§ What is being asked
Please transcribe every entry below exactly, without including the pictures.

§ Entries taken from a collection
___

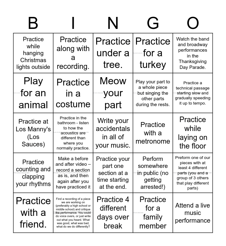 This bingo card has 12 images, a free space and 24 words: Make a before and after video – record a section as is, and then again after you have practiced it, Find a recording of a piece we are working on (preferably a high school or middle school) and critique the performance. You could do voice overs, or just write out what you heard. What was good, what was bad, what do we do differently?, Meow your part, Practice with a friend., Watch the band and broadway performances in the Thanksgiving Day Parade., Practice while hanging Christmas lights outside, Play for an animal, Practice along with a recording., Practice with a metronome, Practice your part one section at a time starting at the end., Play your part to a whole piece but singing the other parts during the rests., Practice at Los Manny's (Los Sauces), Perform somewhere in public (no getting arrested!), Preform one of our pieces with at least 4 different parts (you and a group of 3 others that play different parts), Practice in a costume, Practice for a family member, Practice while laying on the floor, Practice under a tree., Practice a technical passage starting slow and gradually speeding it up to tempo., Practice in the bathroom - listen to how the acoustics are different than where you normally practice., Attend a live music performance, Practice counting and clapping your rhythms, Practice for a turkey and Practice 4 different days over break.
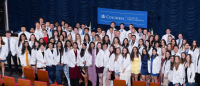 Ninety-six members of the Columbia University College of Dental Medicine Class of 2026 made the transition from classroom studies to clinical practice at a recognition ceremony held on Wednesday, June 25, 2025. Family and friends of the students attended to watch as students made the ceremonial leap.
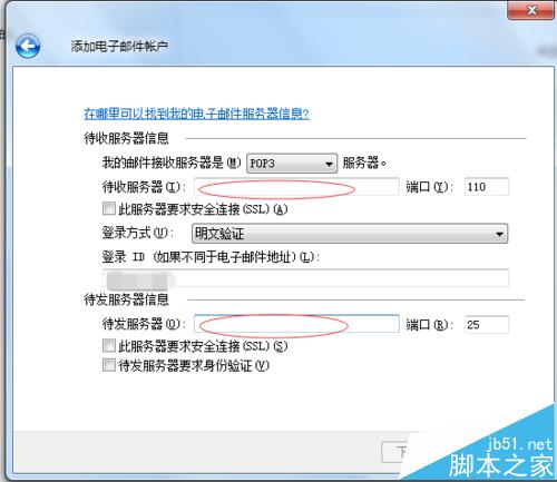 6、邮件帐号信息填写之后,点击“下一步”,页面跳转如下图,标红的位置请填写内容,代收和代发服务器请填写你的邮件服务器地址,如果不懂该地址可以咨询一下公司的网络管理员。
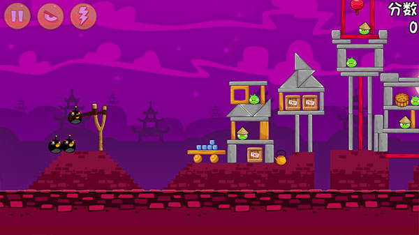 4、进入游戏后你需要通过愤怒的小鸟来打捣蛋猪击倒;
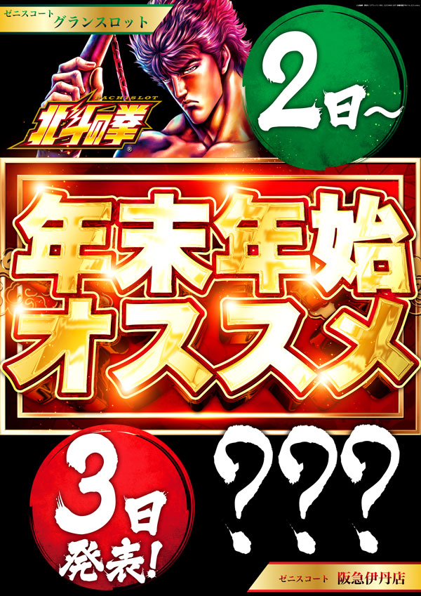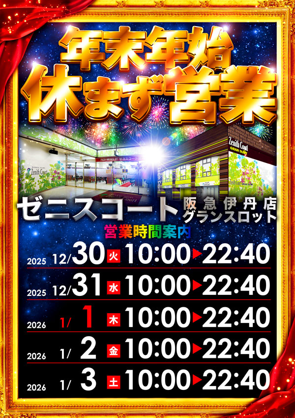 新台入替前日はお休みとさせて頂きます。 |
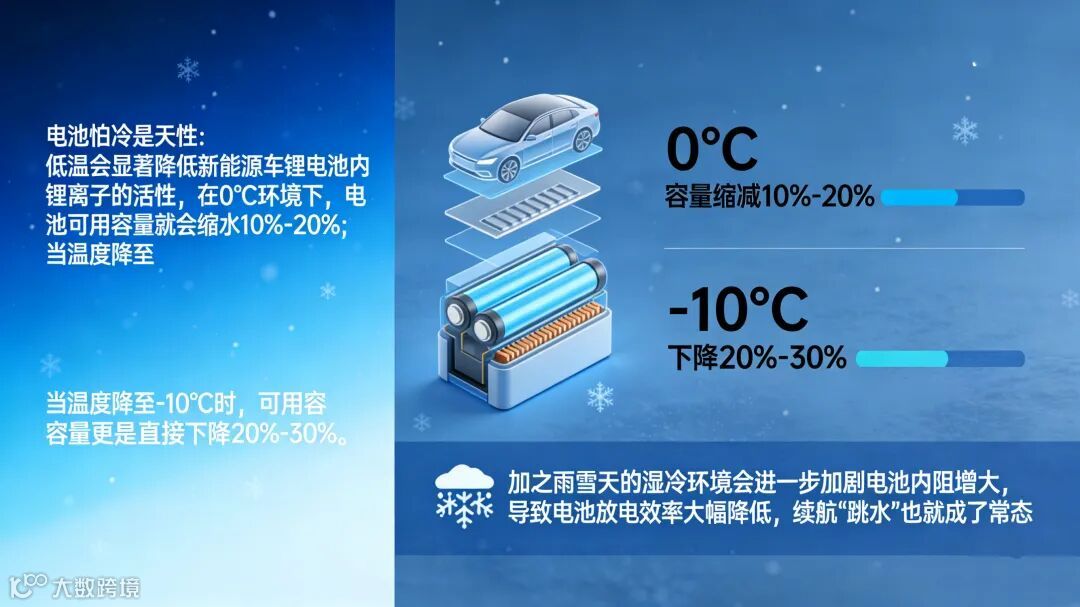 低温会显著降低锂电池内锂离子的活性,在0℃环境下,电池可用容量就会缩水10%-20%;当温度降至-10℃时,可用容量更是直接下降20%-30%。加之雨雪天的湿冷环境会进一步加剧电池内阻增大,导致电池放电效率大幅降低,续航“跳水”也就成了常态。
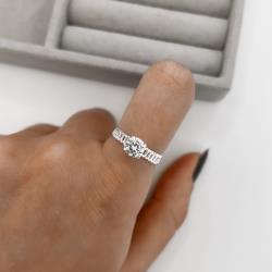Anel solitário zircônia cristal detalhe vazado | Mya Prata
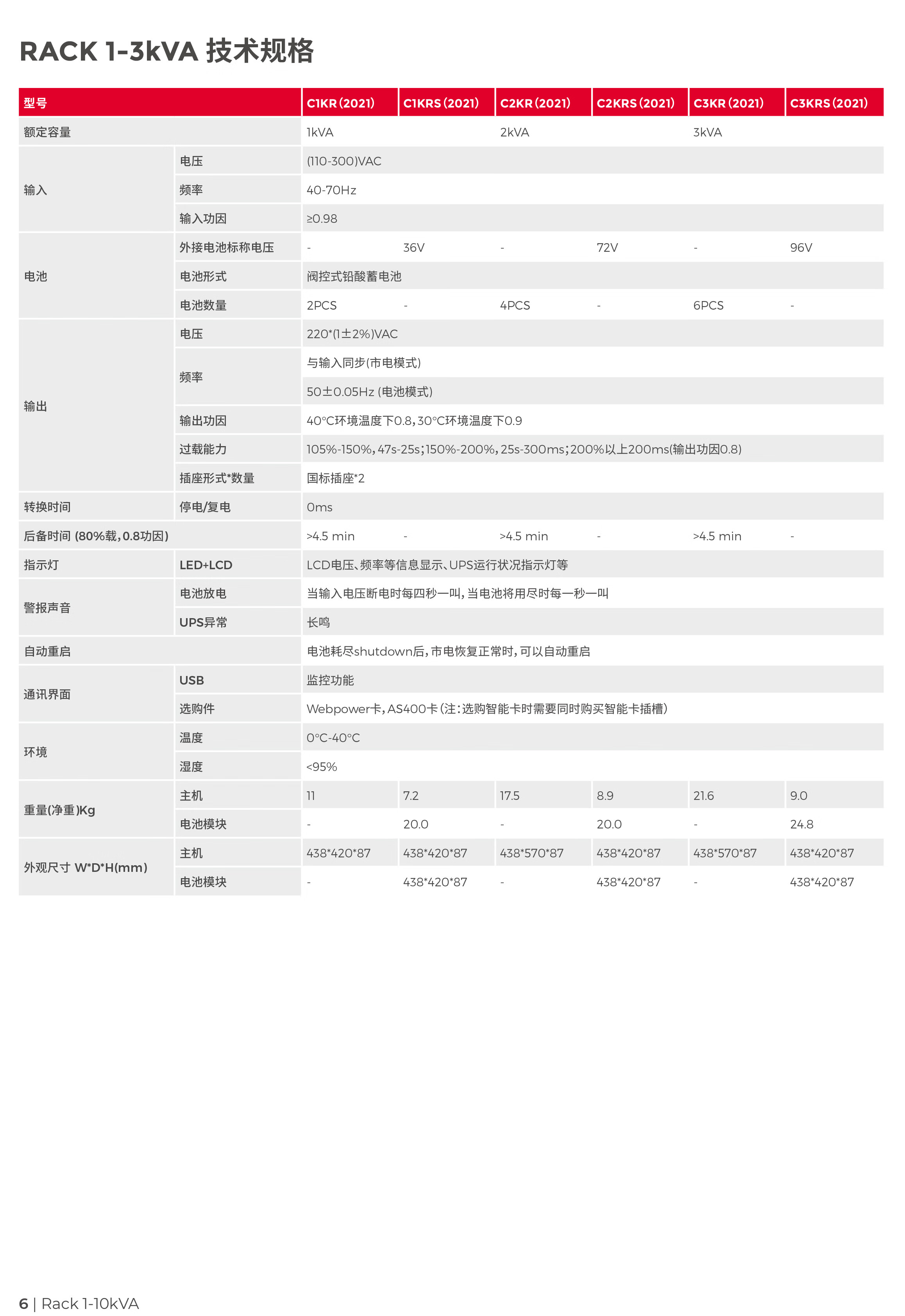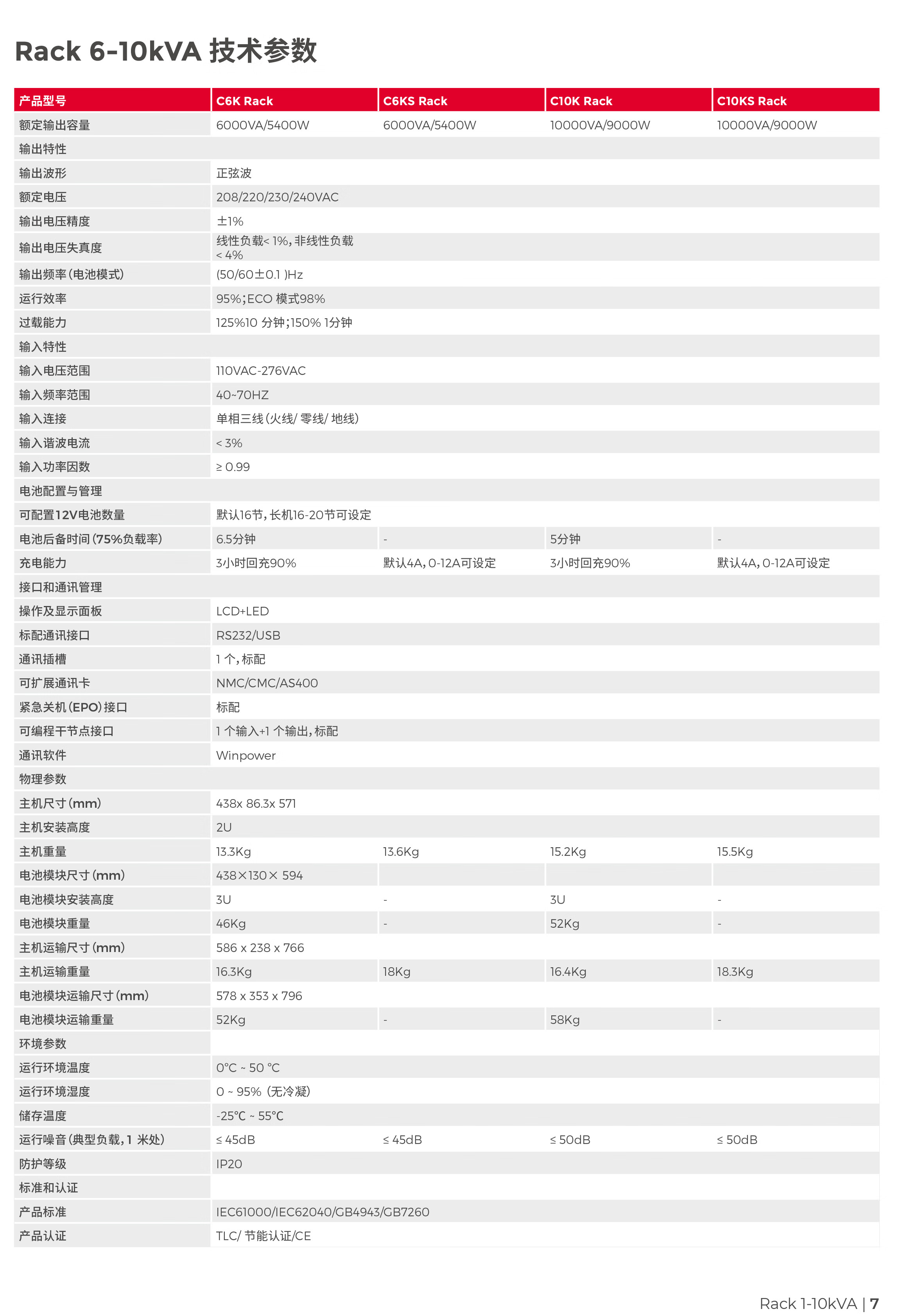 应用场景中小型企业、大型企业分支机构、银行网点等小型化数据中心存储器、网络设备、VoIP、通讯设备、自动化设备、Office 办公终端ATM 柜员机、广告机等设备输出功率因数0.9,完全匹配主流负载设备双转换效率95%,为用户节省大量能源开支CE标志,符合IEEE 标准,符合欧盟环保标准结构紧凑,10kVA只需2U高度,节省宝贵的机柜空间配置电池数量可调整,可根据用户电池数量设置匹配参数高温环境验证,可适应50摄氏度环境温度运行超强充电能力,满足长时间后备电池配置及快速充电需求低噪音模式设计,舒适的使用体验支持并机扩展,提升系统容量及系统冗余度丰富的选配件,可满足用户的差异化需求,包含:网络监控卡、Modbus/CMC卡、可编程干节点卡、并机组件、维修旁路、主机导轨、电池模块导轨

___

§ Solution for this task
 This bingo card has 12 images, a free space and 24 words: Make a before and after video – record a section as is, and then again after you have practiced it, Find a recording of a piece we are working on (preferably a high school or middle school) and critique the performance. You could do voice overs, or just write out what you heard. What was good, what was bad, what do we do differently?, Meow your part, Practice with a friend., Watch the band and broadway performances in the Thanksgiving Day Parade., Practice while hanging Christmas lights outside, Play for an animal, Practice along with a recording., Practice with a metronome, Practice your part one section at a time starting at the end., Play your part to a whole piece but singing the other parts during the rests., Practice at Los Manny's (Los Sauces), Perform somewhere in public (no getting arrested!), Preform one of our pieces with at least 4 different parts (you and a group of 3 others that play different parts), Practice in a costume, Practice for a family member, Practice while laying on the floor, Practice under a tree., Practice a technical passage starting slow and gradually speeding it up to tempo., Practice in the bathroom - listen to how the acoustics are different than where you normally practice., Attend a live music performance, Practice counting and clapping your rhythms, Practice for a turkey and Practice 4 different days over break.
 Ninety-six members of the Columbia University College of Dental Medicine Class of 2026 made the transition from classroom studies to clinical practice at a recognition ceremony held on Wednesday, June 25, 2025. Family and friends of the students attended to watch as students made the ceremonial leap.
 6、邮件帐号信息填写之后,点击“下一步”,页面跳转如下图,标红的位置请填写内容,代收和代发服务器请填写你的邮件服务器地址,如果不懂该地址可以咨询一下公司的网络管理员。
 4、进入游戏后你需要通过愤怒的小鸟来打捣蛋猪击倒;
 新台入替前日はお休みとさせて頂きます。 |
 低温会显著降低锂电池内锂离子的活性,在0℃环境下,电池可用容量就会缩水10%-20%;当温度降至-10℃时,可用容量更是直接下降20%-30%。加之雨雪天的湿冷环境会进一步加剧电池内阻增大,导致电池放电效率大幅降低,续航“跳水”也就成了常态。
Anel solitário zircônia cristal detalhe vazado | Mya Prata
 应用场景中小型企业、大型企业分支机构、银行网点等小型化数据中心存储器、网络设备、VoIP、通讯设备、自动化设备、Office 办公终端ATM 柜员机、广告机等设备输出功率因数0.9,完全匹配主流负载设备双转换效率95%,为用户节省大量能源开支CE标志,符合IEEE 标准,符合欧盟环保标准结构紧凑,10kVA只需2U高度,节省宝贵的机柜空间配置电池数量可调整,可根据用户电池数量设置匹配参数高温环境验证,可适应50摄氏度环境温度运行超强充电能力,满足长时间后备电池配置及快速充电需求低噪音模式设计,舒适的使用体验支持并机扩展,提升系统容量及系统冗余度丰富的选配件,可满足用户的差异化需求,包含:网络监控卡、Modbus/CMC卡、可编程干节点卡、并机组件、维修旁路、主机导轨、电池模块导轨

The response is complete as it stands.